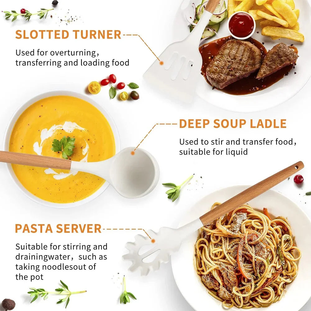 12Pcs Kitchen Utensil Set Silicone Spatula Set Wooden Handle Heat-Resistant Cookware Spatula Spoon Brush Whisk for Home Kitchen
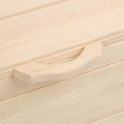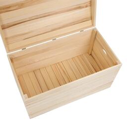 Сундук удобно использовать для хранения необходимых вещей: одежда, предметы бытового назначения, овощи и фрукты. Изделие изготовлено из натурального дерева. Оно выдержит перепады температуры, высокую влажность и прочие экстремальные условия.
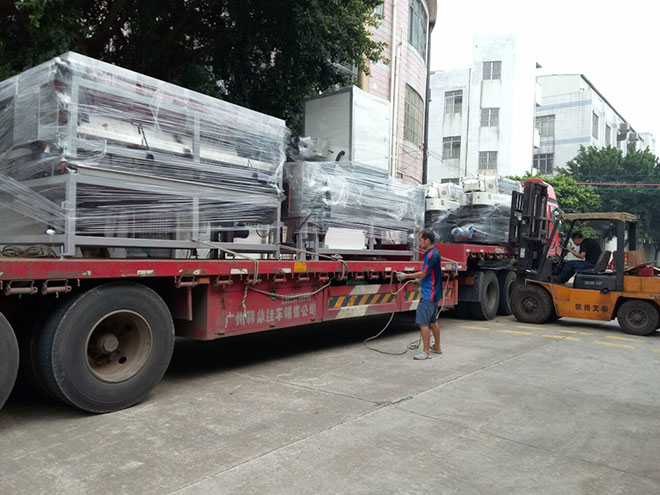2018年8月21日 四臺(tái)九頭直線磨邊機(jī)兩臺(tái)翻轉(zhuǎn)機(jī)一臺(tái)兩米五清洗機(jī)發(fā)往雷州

### [Problem details]
Write out the listing above in full, word for word, with no pictures.

### [Response to this task]
 12Pcs Kitchen Utensil Set Silicone Spatula Set Wooden Handle Heat-Resistant Cookware Spatula Spoon Brush Whisk for Home Kitchen
 Сундук удобно использовать для хранения необходимых вещей: одежда, предметы бытового назначения, овощи и фрукты. Изделие изготовлено из натурального дерева. Оно выдержит перепады температуры, высокую влажность и прочие экстремальные условия.
2018年8月21日 四臺(tái)九頭直線磨邊機(jī)兩臺(tái)翻轉(zhuǎn)機(jī)一臺(tái)兩米五清洗機(jī)發(fā)往雷州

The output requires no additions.